##### Working data #####
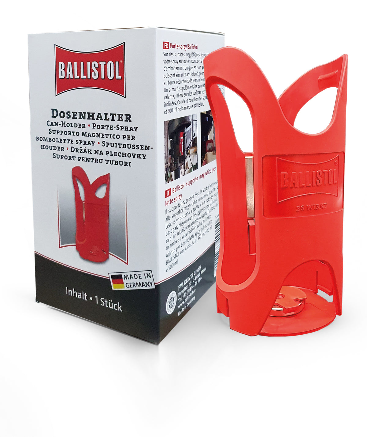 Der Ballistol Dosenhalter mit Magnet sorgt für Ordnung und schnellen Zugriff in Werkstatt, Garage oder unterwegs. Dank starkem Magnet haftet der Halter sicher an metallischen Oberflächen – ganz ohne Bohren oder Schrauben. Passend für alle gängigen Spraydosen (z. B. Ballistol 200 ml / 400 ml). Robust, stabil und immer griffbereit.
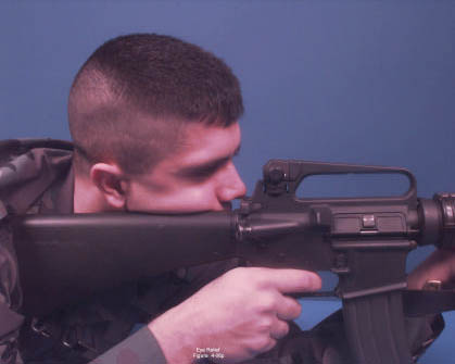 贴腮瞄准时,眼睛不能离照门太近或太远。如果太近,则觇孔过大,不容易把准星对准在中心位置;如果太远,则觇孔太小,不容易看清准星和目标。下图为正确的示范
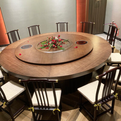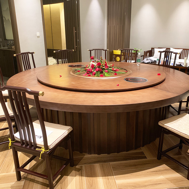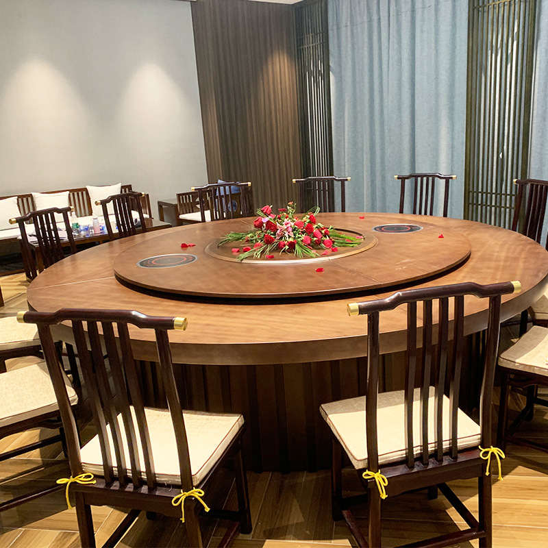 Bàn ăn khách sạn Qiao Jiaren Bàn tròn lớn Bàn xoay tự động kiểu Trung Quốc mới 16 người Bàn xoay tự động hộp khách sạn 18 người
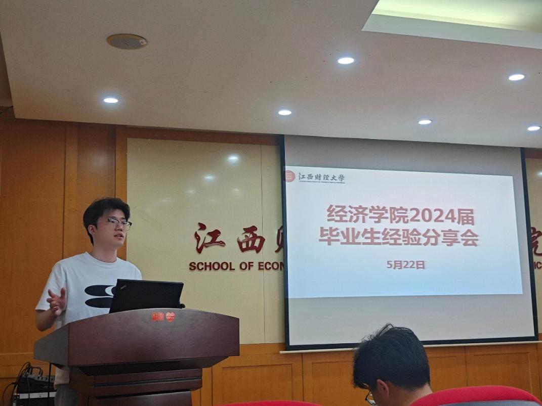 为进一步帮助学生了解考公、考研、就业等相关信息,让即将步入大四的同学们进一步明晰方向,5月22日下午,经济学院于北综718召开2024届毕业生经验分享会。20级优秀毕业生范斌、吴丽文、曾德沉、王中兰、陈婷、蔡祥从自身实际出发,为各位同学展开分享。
#####
##### Working data #####
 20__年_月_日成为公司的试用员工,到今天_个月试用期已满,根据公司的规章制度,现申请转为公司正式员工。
#####
##### Working data #####
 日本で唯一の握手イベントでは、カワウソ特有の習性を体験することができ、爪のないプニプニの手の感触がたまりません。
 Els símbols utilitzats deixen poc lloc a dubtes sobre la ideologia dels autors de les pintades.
#####
Task prompt -
Print exactly the lines above that run from the one with "贴腮瞄准时,眼睛不能离照门太" to the one with "为进一步帮助学生了解考公、考", both included. No pictures.

Answer section -
 贴腮瞄准时,眼睛不能离照门太近或太远。如果太近,则觇孔过大,不容易把准星对准在中心位置;如果太远,则觇孔太小,不容易看清准星和目标。下图为正确的示范
 Bàn ăn khách sạn Qiao Jiaren Bàn tròn lớn Bàn xoay tự động kiểu Trung Quốc mới 16 người Bàn xoay tự động hộp khách sạn 18 người
 为进一步帮助学生了解考公、考研、就业等相关信息,让即将步入大四的同学们进一步明晰方向,5月22日下午,经济学院于北综718召开2024届毕业生经验分享会。20级优秀毕业生范斌、吴丽文、曾德沉、王中兰、陈婷、蔡祥从自身实际出发,为各位同学展开分享。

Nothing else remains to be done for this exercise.